参考リンク: 日本年金機構 「標準報酬月額の対象となる報酬に、通勤手当は含まれるのですか。










  6.通勤手当の仕訳処理  

 通勤費(通勤手当)は、所得税法上の非課税所得として取り扱われる(つまり、従業員の福利厚生目的の給与所得であるため、非課税となっている)ため、その特徴を考慮すれば、「福利厚生費」の科目を使うのが一般的・原則であるといえます。また、課税対象の給与所得と区別するためにも、福利厚生費で処理した方が良いでしょう。


  ( 借 方 )   ( 貸 方 )
給 料 (4月給料) 300,000 普通預金 or 現金 265,800
福利厚生費 4,100  預り金 3,000
  預り金 5,000
  預り金 30,300

 1人分の給料の計算方法を確認してみましょう。まず、 ①天引き前の額面の給料 300,000円 から社会保険料(304,100円に対する社会保険料)を差し引き、 ②次に差し引いた金額に対する源泉所得税を計算し控除、 ③同時に市県民税を差し引き、 ④最後に通勤手当 4,100円 を加えれば、 残額が手取り給料 265,800円 となります(なお、上記仕訳では 「未払給与分の仕訳」 の記載を省略しています。あらかじめご了承ください)。
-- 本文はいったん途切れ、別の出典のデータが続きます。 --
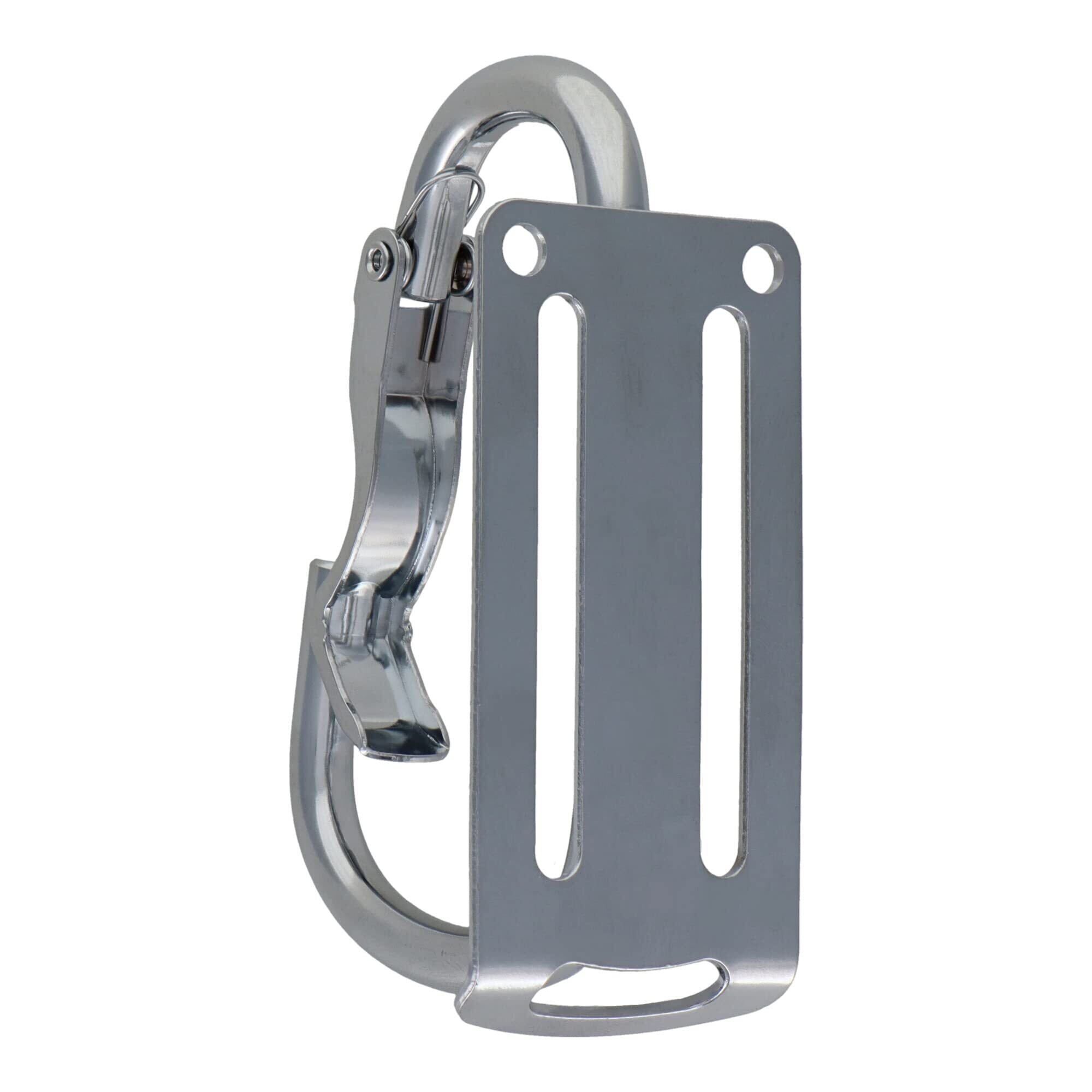 カラビナの顎部分に突起があるので、上からカツンと工具を入れると簡単に掛けることができる。
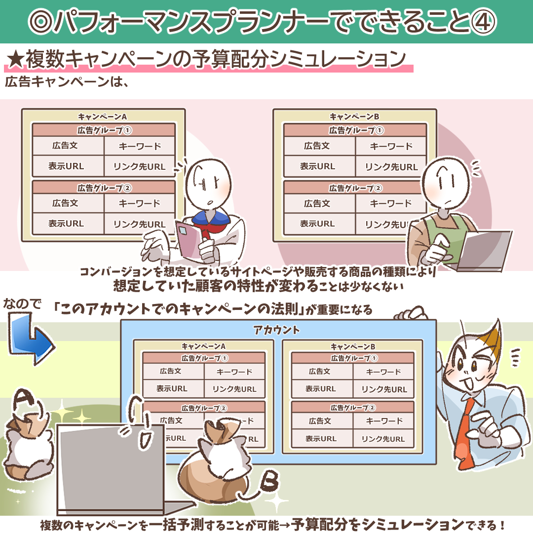 パフォーマンスプランナーは、運営している複数のキャンペーンをまとめてシミュレーションできます。

  7.通勤手当を旅費交通費で処理するのは不適切です  

 なお、一部の会社では「旅費交通費」の科目で処理しているところもあるようでが、旅費交通費は「役員や従業員が業務を行うため、勤務先以外の場所へ移動するのに要した費用」のことをいいます。つまり、「出張などで要した交通費」を処理する科目であるため、適切な処理ではありません。社内の経理上、どうしても他の福利厚生費と混同させたくないのであれば、新たに「通勤費(通勤手当)」勘定を設けて社内処理すると良いでしょう。ただし、決算書作成の段階では、他の福利厚生費と合算して表示するのが妥当です。